▶ [Action item]:
From the records below, please repeat exactly the line that has "Wygodne, błyszczące sandały", the line that has "Makarim & Taira", and every line between them, and nothing else.

▶ [Collection entries]:
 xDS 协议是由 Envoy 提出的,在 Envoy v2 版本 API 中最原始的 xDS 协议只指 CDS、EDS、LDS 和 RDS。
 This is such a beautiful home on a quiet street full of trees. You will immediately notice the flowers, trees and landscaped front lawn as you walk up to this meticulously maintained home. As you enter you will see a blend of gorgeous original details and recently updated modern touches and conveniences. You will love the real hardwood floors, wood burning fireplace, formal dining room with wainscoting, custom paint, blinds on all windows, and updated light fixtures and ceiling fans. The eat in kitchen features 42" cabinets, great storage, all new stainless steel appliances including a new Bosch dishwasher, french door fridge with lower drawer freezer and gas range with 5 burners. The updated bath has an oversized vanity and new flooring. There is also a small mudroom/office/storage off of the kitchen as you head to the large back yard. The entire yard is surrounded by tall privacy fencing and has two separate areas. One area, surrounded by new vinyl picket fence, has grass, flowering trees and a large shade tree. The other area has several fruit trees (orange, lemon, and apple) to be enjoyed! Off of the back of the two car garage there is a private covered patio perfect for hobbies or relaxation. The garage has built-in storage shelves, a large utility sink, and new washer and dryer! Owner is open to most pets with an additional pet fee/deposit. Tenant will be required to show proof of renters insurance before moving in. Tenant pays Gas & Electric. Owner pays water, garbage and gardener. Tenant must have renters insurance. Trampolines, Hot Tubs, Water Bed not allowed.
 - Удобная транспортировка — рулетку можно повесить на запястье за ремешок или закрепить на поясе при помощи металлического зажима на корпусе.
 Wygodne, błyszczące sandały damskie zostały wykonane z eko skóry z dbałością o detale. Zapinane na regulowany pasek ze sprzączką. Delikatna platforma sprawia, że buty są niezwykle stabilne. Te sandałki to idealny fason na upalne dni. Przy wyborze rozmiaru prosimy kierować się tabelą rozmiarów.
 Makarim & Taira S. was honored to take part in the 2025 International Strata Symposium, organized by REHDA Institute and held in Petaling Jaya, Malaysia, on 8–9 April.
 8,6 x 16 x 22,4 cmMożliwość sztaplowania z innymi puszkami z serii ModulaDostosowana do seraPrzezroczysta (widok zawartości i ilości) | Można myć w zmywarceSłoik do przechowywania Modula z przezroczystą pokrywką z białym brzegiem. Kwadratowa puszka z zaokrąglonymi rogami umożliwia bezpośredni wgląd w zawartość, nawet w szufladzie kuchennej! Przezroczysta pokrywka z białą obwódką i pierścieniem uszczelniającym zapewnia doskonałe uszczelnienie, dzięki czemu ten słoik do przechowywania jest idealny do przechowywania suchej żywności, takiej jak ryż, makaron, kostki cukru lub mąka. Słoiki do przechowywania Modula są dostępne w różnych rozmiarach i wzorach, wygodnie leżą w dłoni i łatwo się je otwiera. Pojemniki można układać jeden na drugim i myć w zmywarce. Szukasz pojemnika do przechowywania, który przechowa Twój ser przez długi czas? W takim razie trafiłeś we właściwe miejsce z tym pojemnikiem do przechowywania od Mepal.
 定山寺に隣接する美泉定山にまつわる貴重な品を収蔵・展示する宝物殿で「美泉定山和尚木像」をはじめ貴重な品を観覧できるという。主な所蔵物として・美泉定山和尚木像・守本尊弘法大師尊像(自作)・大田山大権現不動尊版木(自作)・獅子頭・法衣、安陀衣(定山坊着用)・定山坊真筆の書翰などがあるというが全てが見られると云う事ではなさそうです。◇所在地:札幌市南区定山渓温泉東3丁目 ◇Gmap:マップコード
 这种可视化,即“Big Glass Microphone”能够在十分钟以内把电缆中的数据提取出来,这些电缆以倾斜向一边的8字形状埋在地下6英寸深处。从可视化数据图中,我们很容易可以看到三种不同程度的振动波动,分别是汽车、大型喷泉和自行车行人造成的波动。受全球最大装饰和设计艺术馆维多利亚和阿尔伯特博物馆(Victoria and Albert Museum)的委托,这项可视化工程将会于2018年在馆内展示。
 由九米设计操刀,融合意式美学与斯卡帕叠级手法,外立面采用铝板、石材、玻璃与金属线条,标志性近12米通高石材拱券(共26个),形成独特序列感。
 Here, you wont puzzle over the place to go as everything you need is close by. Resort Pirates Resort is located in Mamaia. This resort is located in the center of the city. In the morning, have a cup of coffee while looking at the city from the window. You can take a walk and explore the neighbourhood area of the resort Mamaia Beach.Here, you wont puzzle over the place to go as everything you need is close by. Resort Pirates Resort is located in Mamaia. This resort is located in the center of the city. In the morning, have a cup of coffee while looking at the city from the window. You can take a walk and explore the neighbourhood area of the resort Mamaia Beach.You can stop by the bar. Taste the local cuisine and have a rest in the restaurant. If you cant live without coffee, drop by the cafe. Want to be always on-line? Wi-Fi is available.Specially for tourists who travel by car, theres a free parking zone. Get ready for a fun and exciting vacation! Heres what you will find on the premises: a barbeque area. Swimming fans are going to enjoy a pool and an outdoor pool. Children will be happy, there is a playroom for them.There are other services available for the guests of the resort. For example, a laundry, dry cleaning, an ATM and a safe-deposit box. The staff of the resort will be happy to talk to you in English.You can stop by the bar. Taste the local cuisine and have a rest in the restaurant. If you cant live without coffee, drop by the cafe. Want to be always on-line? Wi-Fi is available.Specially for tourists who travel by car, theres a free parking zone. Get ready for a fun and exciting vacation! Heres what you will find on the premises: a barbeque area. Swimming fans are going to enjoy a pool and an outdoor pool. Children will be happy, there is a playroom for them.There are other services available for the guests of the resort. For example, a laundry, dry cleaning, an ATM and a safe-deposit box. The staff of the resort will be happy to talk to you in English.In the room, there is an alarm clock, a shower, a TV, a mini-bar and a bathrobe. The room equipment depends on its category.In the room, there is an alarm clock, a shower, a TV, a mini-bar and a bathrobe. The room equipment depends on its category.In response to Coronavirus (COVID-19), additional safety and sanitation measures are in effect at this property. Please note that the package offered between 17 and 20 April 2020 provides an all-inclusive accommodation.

▶ [Task result]:
 Wygodne, błyszczące sandały damskie zostały wykonane z eko skóry z dbałością o detale. Zapinane na regulowany pasek ze sprzączką. Delikatna platforma sprawia, że buty są niezwykle stabilne. Te sandałki to idealny fason na upalne dni. Przy wyborze rozmiaru prosimy kierować się tabelą rozmiarów.
 Makarim & Taira S. was honored to take part in the 2025 International Strata Symposium, organized by REHDA Institute and held in Petaling Jaya, Malaysia, on 8–9 April.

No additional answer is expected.